Examples of the submission of European elites to the Islamic invaders abound, symbolising a frightening kind of cowardice: Real Madrid removed the cross from its logo so as not to shock its sponsor, the National Bank of Abu Dhabi. Will one abolish the traditional Corsican banner showing a decapitated Moor’s head (in memory of the atrocities committed by Barbary pirates in the Mediterranean, who were then beaten back by the Corsicans)? Such polished submission is noticeable in our politicians’ declarations. Laurent Fabius has said that ‘Daesh has nothing to do with Islam, which is a religion of peace.’ A religion of peace, really? Has he read the Koran? And Manuel Valls once stated the following: ‘The Islamic State does not represent Islam.’ It is like saying: ‘Hitler does not represent National Socialism’, or ‘Stalinism bears no connection to Communism’. Such a denial of reality at the hands of those collaborators is mind-blowing.

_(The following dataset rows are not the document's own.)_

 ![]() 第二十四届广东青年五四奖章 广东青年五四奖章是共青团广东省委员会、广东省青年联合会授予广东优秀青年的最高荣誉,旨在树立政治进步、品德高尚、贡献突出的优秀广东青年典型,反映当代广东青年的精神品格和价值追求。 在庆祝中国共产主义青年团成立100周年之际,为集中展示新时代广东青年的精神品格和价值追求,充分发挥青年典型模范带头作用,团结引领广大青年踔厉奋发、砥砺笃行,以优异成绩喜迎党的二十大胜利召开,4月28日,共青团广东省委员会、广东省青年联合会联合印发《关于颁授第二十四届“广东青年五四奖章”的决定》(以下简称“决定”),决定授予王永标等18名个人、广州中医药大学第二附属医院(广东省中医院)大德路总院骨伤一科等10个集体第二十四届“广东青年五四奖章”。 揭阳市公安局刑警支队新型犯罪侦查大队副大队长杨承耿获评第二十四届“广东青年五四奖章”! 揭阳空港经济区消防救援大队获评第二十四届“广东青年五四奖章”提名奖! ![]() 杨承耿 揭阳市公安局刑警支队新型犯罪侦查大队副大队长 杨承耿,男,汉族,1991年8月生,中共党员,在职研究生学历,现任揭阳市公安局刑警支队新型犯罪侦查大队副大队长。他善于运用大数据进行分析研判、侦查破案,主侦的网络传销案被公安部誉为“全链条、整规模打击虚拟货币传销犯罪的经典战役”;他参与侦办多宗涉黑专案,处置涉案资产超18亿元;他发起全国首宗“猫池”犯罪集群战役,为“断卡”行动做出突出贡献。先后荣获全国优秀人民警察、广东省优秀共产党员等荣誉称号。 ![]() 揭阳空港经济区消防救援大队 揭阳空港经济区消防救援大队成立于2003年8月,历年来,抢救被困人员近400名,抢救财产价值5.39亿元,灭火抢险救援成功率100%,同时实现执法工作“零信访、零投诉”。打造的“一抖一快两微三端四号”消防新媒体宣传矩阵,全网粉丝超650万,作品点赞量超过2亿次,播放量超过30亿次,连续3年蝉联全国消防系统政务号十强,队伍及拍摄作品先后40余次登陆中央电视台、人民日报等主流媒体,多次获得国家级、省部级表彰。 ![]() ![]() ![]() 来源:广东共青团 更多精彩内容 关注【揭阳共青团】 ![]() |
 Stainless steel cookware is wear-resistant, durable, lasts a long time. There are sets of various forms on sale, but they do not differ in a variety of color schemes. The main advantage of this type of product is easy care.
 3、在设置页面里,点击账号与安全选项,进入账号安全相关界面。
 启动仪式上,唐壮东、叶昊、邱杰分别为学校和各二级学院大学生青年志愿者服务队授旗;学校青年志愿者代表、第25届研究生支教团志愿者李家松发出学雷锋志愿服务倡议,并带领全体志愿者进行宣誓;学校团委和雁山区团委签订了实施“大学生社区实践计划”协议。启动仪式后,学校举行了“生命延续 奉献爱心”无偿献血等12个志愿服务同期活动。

‘Positive discrimination’, based on ethno-religious criteria and at odds with the republican concept of individual equality, has long been practiced, but has picked up pace since the Socialist Party took power, a fact that the brilliant Natacha Polony seems unable to grasp. In her article entitled What if France finally addressed the children of immigrants? (Le Figaro, 22/02/2014), she surrenders to the naive illusion of possible integration. She attributes the failure of ‘integration’ to the fact that politicians do not speak to the children of immigrants sufficiently and neglect them: ‘All the young people of Maghrebian or Sub-Saharan origin, who define themselves increasingly as Muslims [...], are under the impression that France is a bad mother to them’. These young people are said to harbour the sentiment ‘that they are not always considered fully French’. She deplores ‘the total absence of action — and of discourse, even — towards such populations’. Although Right-oriented, she criticises ‘the frustrations and real problems regarding discrimination in the employment or housing sphere’, harping on things in the leftist intelligentsia’s typical vulgate. She demands a ‘specific policy against genuine cases of discrimination’ and ‘massive investments’, i.e. the famous ‘Marshall Plan for the suburbs’. She concludes, in a completely romantic and hollow surge of ideas, that what we need is ‘to find verbal inspiration, one that gives hope and unites people under a common vision’.